The mean scores for the summed mixes hover around 0.2, and were never greater than any of the corresponding automatic mixes. However, we see overlapping confidence intervals for all the summed mixes and the automatic mixes without subgroups. Furthermore, there is also some slight overlap with the automatic mixes that use subgroups, but it is not prevalent.
When we compare the two automatic mix types for each song, we see that the automatic mixes that used subgroups were preferred more on average than the automatic mixes that did not use subgroups. This supports our main hypothesis about subgroups improving the perceived mix quality of an automatic mix. However, we see overlapping confidence intervals for ”In the Meantime”, ”Not Alone” and ”Under a Covered Sky”.
On comparing the automatic mixes to the human mixes, we see the human mixes outperforming the automatic mixes in nearly all cases except for ”Lead Me”. In the case of ”Lead Me”, the automatic mix with subgrouping scores 0.6 on average, while the human low quality mix scores 0.27. There are also overlapping confidence intervals between ”Lead Me” for mix types Automatic Mix - S and Human Mix - HQ, ”Not Alone” for mix types Automatic Mix - S and Human Mix - LQ and ”Under a Covered Sky” for mix types Automatic Mix - S and Human Mix - HQ.
In Figure 10 we see the results for each of the individual mixes, but where we have taken mean across all the different songs. The red boxes are the 95% confidence intervals and the thin vertical lines represent 1 standard deviation. We see there is a trend in increasing means going from Summed mix all the way to Human Mix - HQ. It is apparent that the automatic mixes have performed better than the summed mixes, which supports our main hypothesis, however there is very slight confident interval overlap between Summed Mixes and Automatic Mix - NS. In support of our second hypothesis we can clearly see that there is a preference for the mixes that use subgroups. However, we do not see any confidence interval overlap with either of the human mix types.
4.2.2 Mix Clarity
We also asked the other half of all the participants to rate the mixes in terms of perceived clarity (E2). The results are illustrated in Figure 11.

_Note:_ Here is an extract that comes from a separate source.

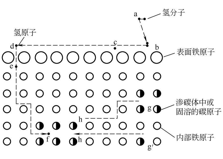 氢腐蚀的历程可用图9来解释。

As in Figure 9, the mean scores for the summed mixes are never greater than any of the corresponding automatic mixes. This indicates that the automatic mixes were perceived to have greater clarity on average than the summed mixes. However, we do see overlapping confidence intervals for all the summed mixes and the automatic mixes without subgroups. Furthermore, this also occurred for the songs ”In the Meantime” and ”Red to Blue” when we compared Summed mix to Automatic Mix - S.
When we compare the two automatic mix types for each song, we see that the automatic mixes that used subgroups had a better clarity rating on average than the automatic mixes that did not use subgroups in only three of the five songs. We also see overlapping confidence intervals for four of the five songs.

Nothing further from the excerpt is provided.